EDITOR'S NOTE: Tomorrow and Monday will be no-newsletter days - we'll be back Tuesday, February 9.

•   ANN feature: In his "A Filtered View #4," Bloszies ponders whither sustainability's flying buttress - and when will "energy-producing technologies find an aesthetic foothold."

•   Wainwright wades deep into what might be in store for Havana "as Cuba opens its doors to the world" and "developers are queuing up to pounce": the city "may well find itself catapulted from having too little money to having too much, too fast, with all the usual consequences" (a great read!).

•   O'Sullivan considers the "capital of what is supposedly the happiest nation in the world": "Even Copenhagen makes mistakes - what does it need to do to keep the good times rolling?"

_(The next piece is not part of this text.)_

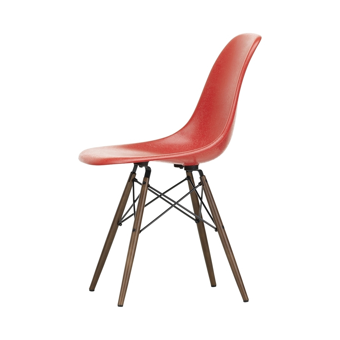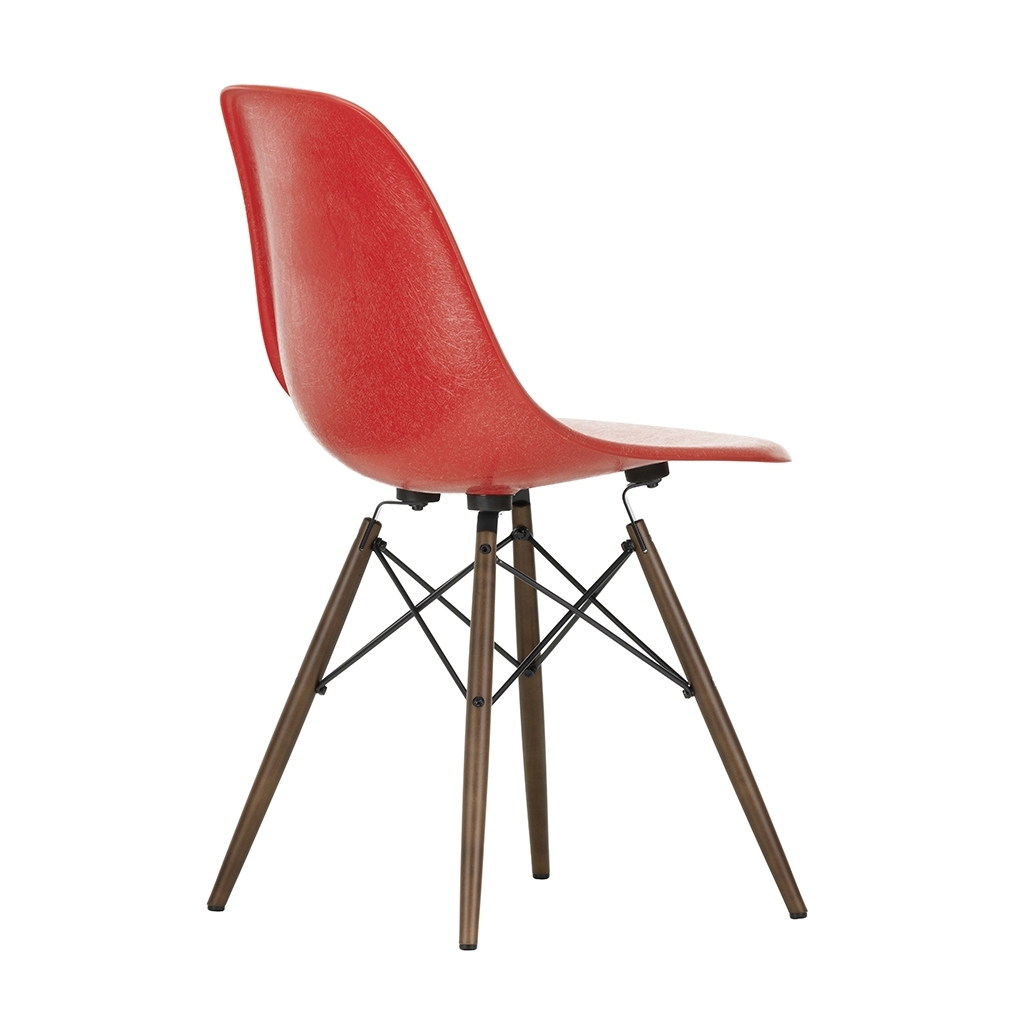Showcasing a classic red-hued seat and a dark maple base, Charles and Ray Eames' DSW Fiberglass Side Chair is being specially re-released by Vitra, having not been produced since the 1990s. Originally launched in 1950, the Fiberglass Chair Collection introduced the idea of the multifunctional chair, featuring shells that could be combined with a variety of bases, and soon became one of the best-known furniture pieces of the twentieth century. The DSW Chair's shell displays the characteristic irregular surface of Fiberglass, which appears almost like a natural material thanks to its clearly visible fibres. An organic yet contemporary form, the seat rests upon a solid dark maple base with steel 'Eiffel' cross struts and features rubber shock mounts to support longer periods of sitting down. In continual development for the modern user, Vitra has revised the geometry of the seat to achieve optimum ergonomics and comfort.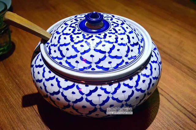 ▼首先上桌的是白飯,裝飯的容器是一個青花瓷鍋,有別一般泰國餐廳用錫鍋,反而是走中國風~

•   Bevan "sees the twilight of starchitecture falling" and "a deliberate move away from the formal excesses of parametric architecture's high noon - there is a longing for human touch."

•   We welcome - and cheer! - two new insightful sites for architectural and urban discourse:

•   Steuteville says Jacobs's Vincent Scully Prize speech, made 15 years ago, still resonates today - a wonderful introduction to the new Public Square: A CNU Journal.

•   Pedersen launches Common Edge with a great Q&A with Kamin re: "the Chicago Biennial, George Lucas, and the magic of Jeanne Gang."

•   Meanwhile, a judge rules that Chicago's Friends of the Parks' lawsuit against the Lucas Museum can proceed.

•   Hadid's quarrel over the Tokyo Olympic Stadium could be coming to a boil: "To claim that the major similarities and many identical instances in the design," as well as "thousands of fine details are 'automatic' or due to chance is not credible."

•   Gunts reports on preservationists' fears that Pelli's 1969 Comsat building in Maryland could be under threat: it is "an exceptional example of the 'machine in the garden' aesthetic and an ideal candidate for adaptive reuse" (perhaps the new owners should check out how Alexander Gorlin Architects et al. are reimagining Saarinen's Bell Labs in New Jersey).

•   Lynch has a most interesting Q&A with Weishaar re: his World War I Memorial, critics of his design, and what might change.

•   Cheers to the Arch League's 2016 Emerging Voices winners - a most interesting mix (when is it not?).

•   Help wanted x 2: NYC-based Van Alen Institute seeks Deputy Director + Chicago-based Association of Architecture Organizations seeks an Assistant Director.

•   Weekend diversions:

•   Brussat uncovers a 1946 documentary about the rebuilding of Plymouth, U.K., after WWII: it's "a fascinating romp through a postwar of pessimism-tinged optimism - watch the film. It's a trip and a half."

•   A great round-up of the "top places to watch architectural lectures online" (and add your own).

•   Parnell gives (mostly) thumbs-up to "Heroic: Concrete Architecture and the New Boston," a must-read "for concrete fanboys and postwar architectural historians like me."

•   A good reason to be in Palm Springs next week: it's Modernism Week!

•   Bose visits "Planet Eames" at London's Barbican: "Distilling a pithy review from a whole constructed 'world' is a daunting prospect - for what more is there to say about such gilded darlings of design? As it turns out, quite a lot" (and she says it quite well!).

•   There's a "Cycle Revolution" going on at the London Design Museum - "bike tribes" included.